A generic, composable multidimensional array library.
(Work In Progress)
The projects is still work in progress, expect missing docs, features, and benchmarks.
- Array computation library
- Array/Tensor computational graph
- Tile-based kernel embedded DSL
nmtools is written in c++ and provide numpy-like array computation in c++. It can also capture the computational graph at compile-time.
auto x = nm::array.arange(15, /*dtype=*/nm::float32).reshape(array{3,5});
auto t1 = (x - x.max(/*axis=*/1,/*dtype=*/nm::None,/*initial=*/nm::None,/*keepdims=*/true)).exp();
auto t2 = t1.sum(-1,nm::None,nm::None,true);
auto softmax = t1 / t2;
print(x);
print(t1);
print(t2);
print(softmax);Sample output:
shape: [ 3, 5]
[[ 0.000000, 1.000000, 2.000000, 3.000000, 4.000000],
[ 5.000000, 6.000000, 7.000000, 8.000000, 9.000000],
[ 10.000000, 11.000000, 12.000000, 13.000000, 14.000000]]
shape: [ 3, 5]
[[ 0.018316, 0.049787, 0.135335, 0.367879, 1.000000],
[ 0.018316, 0.049787, 0.135335, 0.367879, 1.000000],
[ 0.018316, 0.049787, 0.135335, 0.367879, 1.000000]]
shape: [ 3, 1]
[[ 1.571317],
[ 1.571317],
[ 1.571317]]
shape: [ 3, 5]
[[ 0.011656, 0.031685, 0.086129, 0.234122, 0.636409],
[ 0.011656, 0.031685, 0.086129, 0.234122, 0.636409],
[ 0.011656, 0.031685, 0.086129, 0.234122, 0.636409]]
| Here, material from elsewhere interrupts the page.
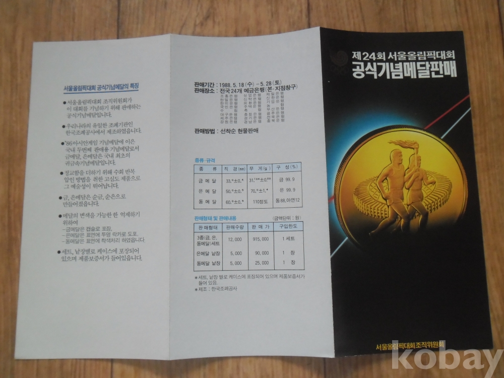 제24회 서울올림픽대회 공식기념메달판매 안내

auto input = nm::random(array{3,4},dtype,gen);
auto axis = -1;
auto res = view::softmax(input,axis);
/* Static computational graph: */
auto graph = fn::get_computational_graph(res);
/* Compile-time computational graph: */
constexpr auto graph_v = nm::to_value_v<decltype(unwrap(graph))>;Check full code: examples/tilekit/add.cpp
/* includes */
/* Multicore + SIMD */
using v128_mt = tk::thread_pool<tk::vector::context_t>;
struct add_kernel_t
{
template <typename tile_shape_t=tuple<nm::ct<2>,nm::ct<4>>, typename context_t, typename out_t, typename a_t, typename b_t>
auto operator()(context_t ctx, out_t& out, const a_t& a, const b_t& b, const tile_shape_t t_shape=tile_shape_t{})
{
auto [t_id] = tk::worker_id(ctx);
auto [t_size] = tk::worker_size(ctx);
auto a_shape = shape(a);
auto offset = tk::ndoffset(a_shape,t_shape);
// t_size num workers
auto n_iter = (offset.size()/t_size);
for (nm_size_t i=0; i<n_iter; i++) {
auto tile_offset = offset[(t_id*n_iter)+i];
auto block_a = tk::load(ctx,a,tile_offset,t_shape);
auto block_b = tk::load(ctx,b,tile_offset,t_shape);
auto result = block_a + block_b;
tk::store(ctx,out,tile_offset,result);
}
}
};
inline auto add_kernel = add_kernel_t{};
int main(int argc, char** argv)
{
/* setup a,b,c*/
auto tile_shape = tuple{2_ct,16_ct};
auto num_threads = 8;
auto ctx = v128_mt(num_threads);
auto worker_size = num_threads;
ctx.eval(worker_size,add_kernel,c,a,b,tile_shape);
/* check or use result */
return 0;
}
As you can see, we have 8 worker threads saturated with works.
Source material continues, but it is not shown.